▸ Exercise: Leave the pictures out. Retype exactly the lines below from the one containing "阅读次数: 字号:[ 大" through the one containing "8月30日上午,国家语言文字", and no others.

▸ Dataset:
################

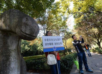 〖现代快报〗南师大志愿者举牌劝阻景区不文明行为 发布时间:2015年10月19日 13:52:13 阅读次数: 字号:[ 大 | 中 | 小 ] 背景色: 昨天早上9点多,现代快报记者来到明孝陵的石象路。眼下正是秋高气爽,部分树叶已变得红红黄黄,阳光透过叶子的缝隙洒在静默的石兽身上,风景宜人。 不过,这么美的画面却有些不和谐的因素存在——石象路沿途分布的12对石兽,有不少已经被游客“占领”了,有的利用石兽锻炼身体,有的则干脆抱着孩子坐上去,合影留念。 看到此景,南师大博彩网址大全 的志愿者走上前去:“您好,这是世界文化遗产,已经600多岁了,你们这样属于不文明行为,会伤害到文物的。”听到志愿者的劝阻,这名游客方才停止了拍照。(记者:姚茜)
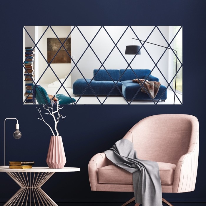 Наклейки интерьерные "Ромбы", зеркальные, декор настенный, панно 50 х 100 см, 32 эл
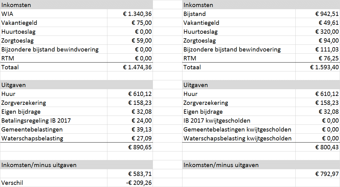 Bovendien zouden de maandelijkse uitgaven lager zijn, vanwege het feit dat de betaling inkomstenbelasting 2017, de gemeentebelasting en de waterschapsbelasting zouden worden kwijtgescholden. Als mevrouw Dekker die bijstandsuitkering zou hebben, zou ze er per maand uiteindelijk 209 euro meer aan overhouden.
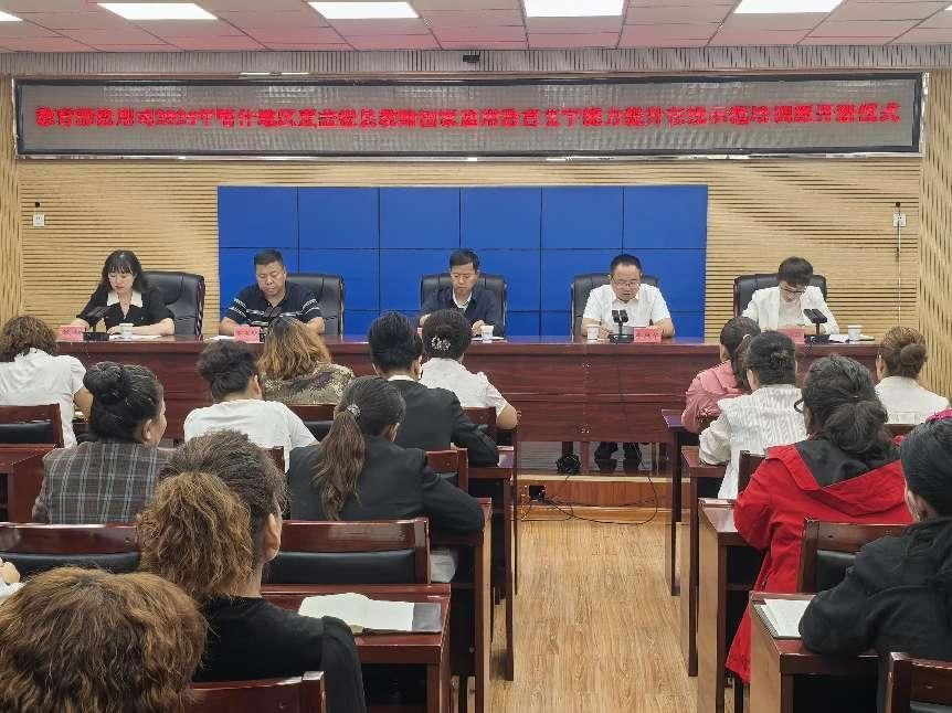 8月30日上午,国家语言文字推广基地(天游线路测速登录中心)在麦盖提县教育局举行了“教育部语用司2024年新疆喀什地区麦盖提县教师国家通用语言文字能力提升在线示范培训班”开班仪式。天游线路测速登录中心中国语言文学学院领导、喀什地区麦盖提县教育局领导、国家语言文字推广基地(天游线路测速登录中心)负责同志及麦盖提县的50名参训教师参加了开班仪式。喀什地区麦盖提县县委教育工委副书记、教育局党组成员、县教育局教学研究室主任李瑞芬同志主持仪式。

################

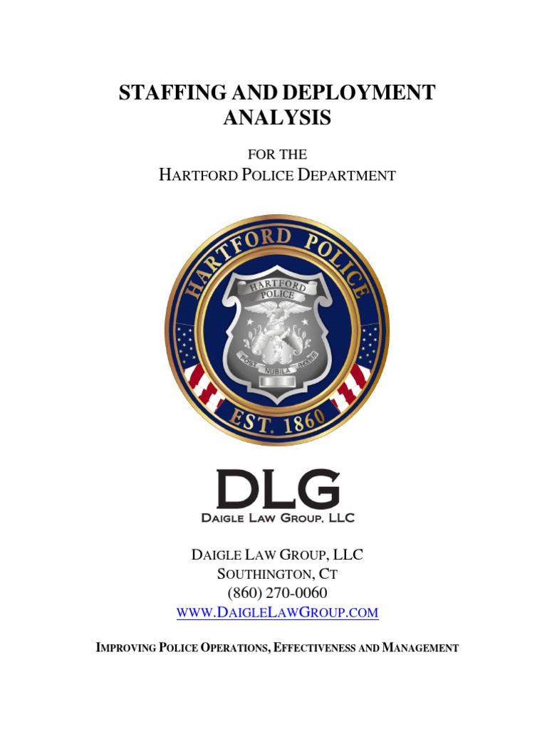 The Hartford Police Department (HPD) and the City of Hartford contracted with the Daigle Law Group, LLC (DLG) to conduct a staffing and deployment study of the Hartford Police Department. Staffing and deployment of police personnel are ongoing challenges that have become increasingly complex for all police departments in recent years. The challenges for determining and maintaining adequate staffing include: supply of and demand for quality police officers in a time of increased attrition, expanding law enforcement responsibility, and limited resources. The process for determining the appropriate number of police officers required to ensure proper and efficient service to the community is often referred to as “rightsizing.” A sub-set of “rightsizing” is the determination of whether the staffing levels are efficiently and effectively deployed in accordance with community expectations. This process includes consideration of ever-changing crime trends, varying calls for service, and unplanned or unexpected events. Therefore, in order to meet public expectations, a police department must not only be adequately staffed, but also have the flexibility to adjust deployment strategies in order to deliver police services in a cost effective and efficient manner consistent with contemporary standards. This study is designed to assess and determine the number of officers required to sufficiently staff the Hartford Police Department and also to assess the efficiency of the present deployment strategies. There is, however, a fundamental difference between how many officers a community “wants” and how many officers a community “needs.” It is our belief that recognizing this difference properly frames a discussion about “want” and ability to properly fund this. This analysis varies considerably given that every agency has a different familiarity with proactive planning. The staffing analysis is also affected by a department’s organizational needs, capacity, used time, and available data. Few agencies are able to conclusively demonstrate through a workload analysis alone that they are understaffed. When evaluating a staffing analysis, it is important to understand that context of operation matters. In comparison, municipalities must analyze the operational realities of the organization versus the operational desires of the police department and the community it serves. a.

################

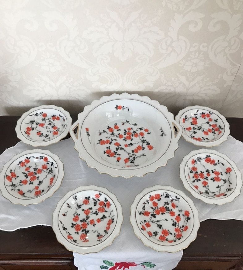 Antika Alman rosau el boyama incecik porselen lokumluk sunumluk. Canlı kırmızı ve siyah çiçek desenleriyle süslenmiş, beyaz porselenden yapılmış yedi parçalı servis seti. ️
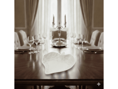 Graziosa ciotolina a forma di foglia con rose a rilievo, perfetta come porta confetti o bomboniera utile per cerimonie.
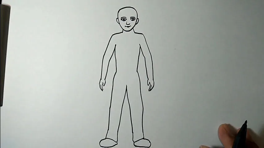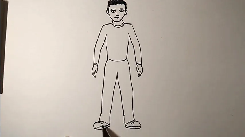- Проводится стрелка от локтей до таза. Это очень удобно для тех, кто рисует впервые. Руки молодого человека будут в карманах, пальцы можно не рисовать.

################

▸ Response to this exercise:
 〖现代快报〗南师大志愿者举牌劝阻景区不文明行为 发布时间:2015年10月19日 13:52:13 阅读次数: 字号:[ 大 | 中 | 小 ] 背景色: 昨天早上9点多,现代快报记者来到明孝陵的石象路。眼下正是秋高气爽,部分树叶已变得红红黄黄,阳光透过叶子的缝隙洒在静默的石兽身上,风景宜人。 不过,这么美的画面却有些不和谐的因素存在——石象路沿途分布的12对石兽,有不少已经被游客“占领”了,有的利用石兽锻炼身体,有的则干脆抱着孩子坐上去,合影留念。 看到此景,南师大博彩网址大全 的志愿者走上前去:“您好,这是世界文化遗产,已经600多岁了,你们这样属于不文明行为,会伤害到文物的。”听到志愿者的劝阻,这名游客方才停止了拍照。(记者:姚茜)
 Наклейки интерьерные "Ромбы", зеркальные, декор настенный, панно 50 х 100 см, 32 эл
 Bovendien zouden de maandelijkse uitgaven lager zijn, vanwege het feit dat de betaling inkomstenbelasting 2017, de gemeentebelasting en de waterschapsbelasting zouden worden kwijtgescholden. Als mevrouw Dekker die bijstandsuitkering zou hebben, zou ze er per maand uiteindelijk 209 euro meer aan overhouden.
 8月30日上午,国家语言文字推广基地(天游线路测速登录中心)在麦盖提县教育局举行了“教育部语用司2024年新疆喀什地区麦盖提县教师国家通用语言文字能力提升在线示范培训班”开班仪式。天游线路测速登录中心中国语言文学学院领导、喀什地区麦盖提县教育局领导、国家语言文字推广基地(天游线路测速登录中心)负责同志及麦盖提县的50名参训教师参加了开班仪式。喀什地区麦盖提县县委教育工委副书记、教育局党组成员、县教育局教学研究室主任李瑞芬同志主持仪式。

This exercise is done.